L’Accademia viene soppressa nel 1797; nei quasi due secoli di vita, -non è questa la sede per ripercorrerli- promuove sedute ed edita volumi in onore dei Cardinali Legati, dei predicatori che si sono succeduti in Cattedrale, dei matrimoni e delle monacazioni che toccano le famiglie ferraresi, di eventi come le inondazioni e, in particolare, la canonizzazione di Caterina Vegri. A questi si intrecciano temi più propriamente accademici; faccio qualche esempio: Ercole Bonacossi, Discorsi Accademici (1675); Giulio Cesare Grazzini, Della poetica di Orazio Flacco (1698); Girolamo Baruffaldi, Annotazioni di un Accademico Intrepido alle ‘Osservazioni della lingua italiana’ o sia trattato dei Verbi del Cimonio, accademico Filergita (1709);Girolamo Baruffaldi, Del vincere per fortuna (1710); Gianandrea Barotti, Dell’indole di Ferrara (1735); Francesco Maria Ricci, Lezione intorno al Diluvio Universale (1740); Luigi Campi, L’Accademia (post 1786).

Le leggi prescrivono «che non si discuti di cosa niuna repugnante alla Fede né alla Fede sospetta»[6].

Tento, spero utile, qualche considerazione sul numero e la qualità degli associati. Dispersi o ancora non rintracciati sono i registri delle sedute e il materiale d’archivio affidato, al momento della soppressione, ad Jacopo Agnelli, segretario in carica. Per fortuna non si parte da zero; esiste una significativa documentazione che consente qualche riflessione. A Ferrara, presso la civica Biblioteca Ariostea, sono custoditi: Girolamo Baruffaldi, Catalogo degli Accademici Intrepidi di Ferrara come forestieri viventi nel 1719 (ms. Antonelli 21); Ristretto istorico della Fondazione e progresso dell’Accademia degl’Intrepidi … dall’anno 1600 al 1761 (ms. Antonelli 248); Giuseppe Faustini, Catalogo degli Accademici Intrepidi di Ferrara (ms. Cl. I 311. Ora, a integrazione, si aggiunge, conservato presso la Biblioteca Nazionale Centrale di Firenze, carte Varano, Elenco degli Accademici Intrepidi di Ferrara nell’anno 1781.

Dodici sono, nel 1600, i soci fondatori dell’Accademia, non sfugge che il numero è quello prescritto per la nascita delle colonie arcadiche. Vale la pena di ricordarne i nomi, tutti esponenti della nobiltà ferrarese: Carlo Cibo Malespina, Ottavio Tieni di Scandiana, Agostino Mosti, Enzo Bentivoglio, Galeazzo Gualengui, Cesare Turco, Vincenzo Rondinelli, Ercole I Calto, Carlo Strozzi, Giulio Tassoni, Guido Ubaldo Bonarelli, Galeazzo Estense Tassoni. Questi aggregheranno poi alcuni letterati.

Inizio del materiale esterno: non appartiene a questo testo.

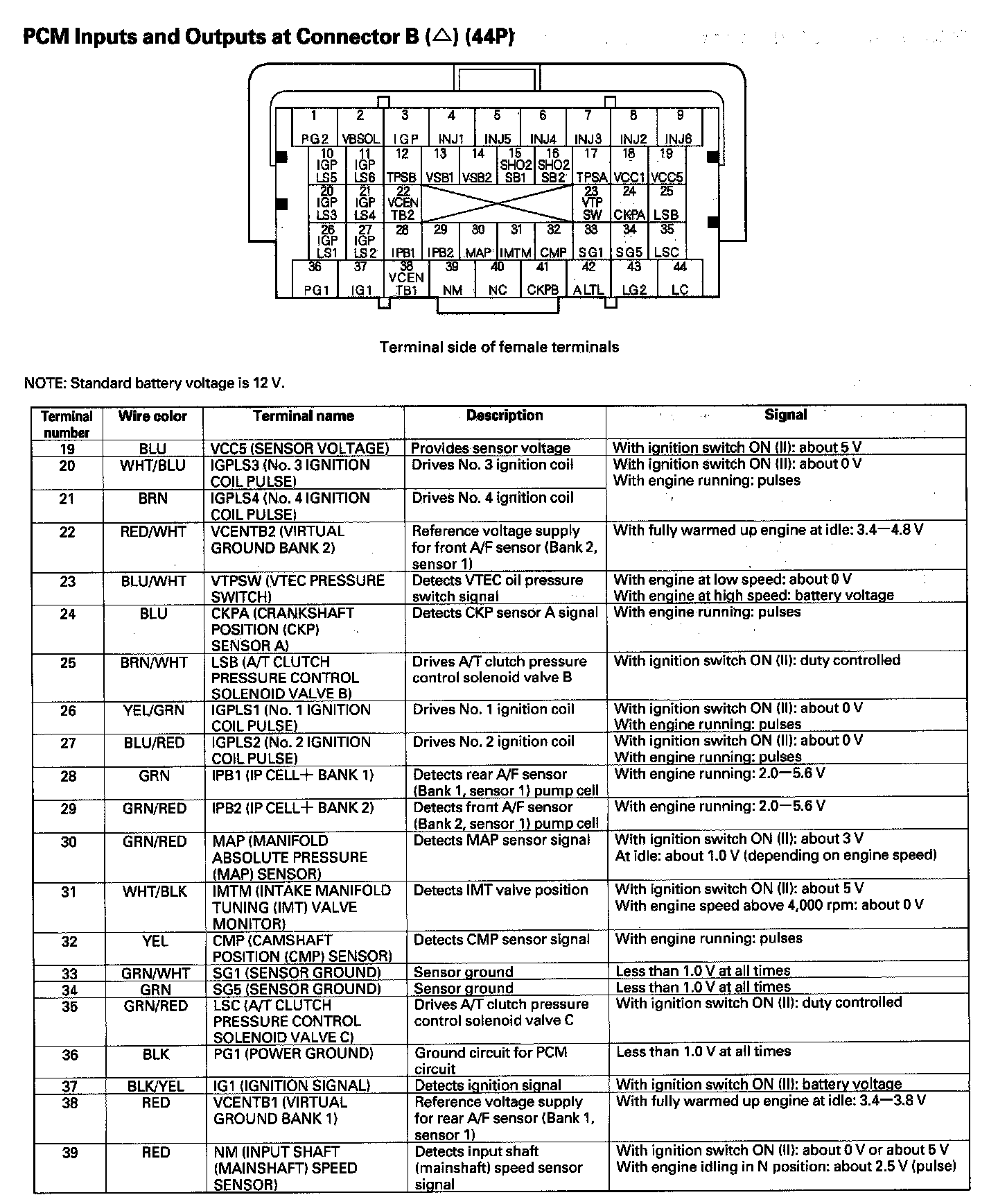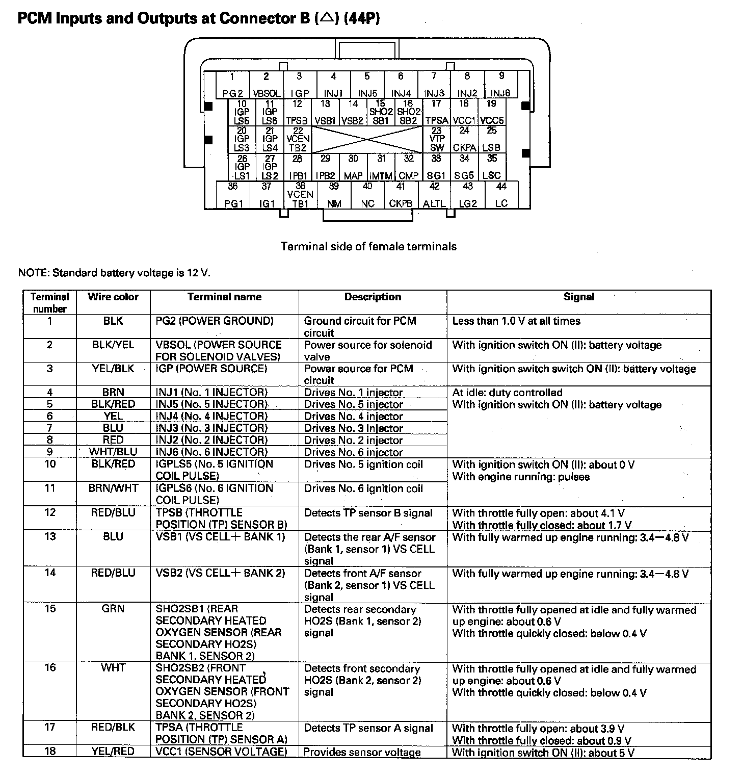 PCM Inputs and Outputs at Connector B (44P) Part 1:

Da una verifica degli elenchi citati riscontro che nei primi anni le adesioni sono assai contenute. Dal 1605 al 1654 sono sedici i nuovi accademici, per molti anni non vi sono ingressi. Ad esempio nessuno dal 1617 al 1636, solo due nel 1622; ancora se ne segnano solamente nel 1639 (2), nel 1643 (1), nel 1650 (1), nel 1654 (2).  Questi primi anni vedono una scarsa presenza dell’Accademia; la situazione muta profondamente negli anni 1655, 1656 e 1657 che vedono, rispettivamente 16, 83, 14 ingressi. Complessivamente 113 nuovi accademici.

Nel 1640 all’ex vicelegato di Ferrara Fabio Chigi, il futuro Papa Alessandro VII, viene richiesta una relazione sullo stato di Ferrara da consegnare al Legato Cardinale Marzio Ginetti. L’autore non dimentica “l’Accademia degli Intrepidi, che fa per impresa il torchio da imprimere col motto: Premit dum imprimit, non si raguna più, et era piena di gran personaggi con esercitarvisi tutte le funzioni sì letterarie come cavalleresche.[7]

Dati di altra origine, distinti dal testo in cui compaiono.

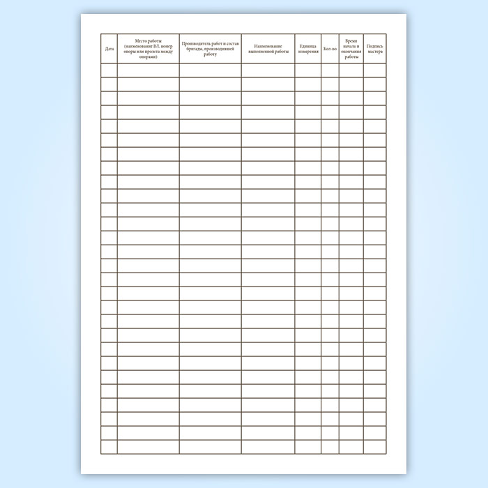 Журнал учета работ на ВЛ электропередачи напряжением 0,38-20 кВ в Верее купить

È mancato il ruolo civile-politico previsto; si tenta una correzione con la massiccia immissione di nuovi accademici: organizzatore fu il Cardinale Carlo Pio di Savoia, arcivescovo di Ferrara dal 1655 al 1663.

Riunironsi però alcuni di questi Vecchi, e i nuovi Dotti Ferraresi aggregati alla medesima sotto auspici dell’Eruditissimo Cardinale Carlo II Pio consacrato Vescovo di questa Chiesa, il quale concorse con tutto il suo impegno a farla maggiormente risorgere: Onde nella Vigilia di S. Andrea Apostolo l’anno 1655 nel Palazzo vecchio di Casa Pia si fece sontuosa Accademia, di cui era stato eletto Principe il Signor Marchese Ercole Trotti, ed acclamarono il suddetto Cardinale Pio[8].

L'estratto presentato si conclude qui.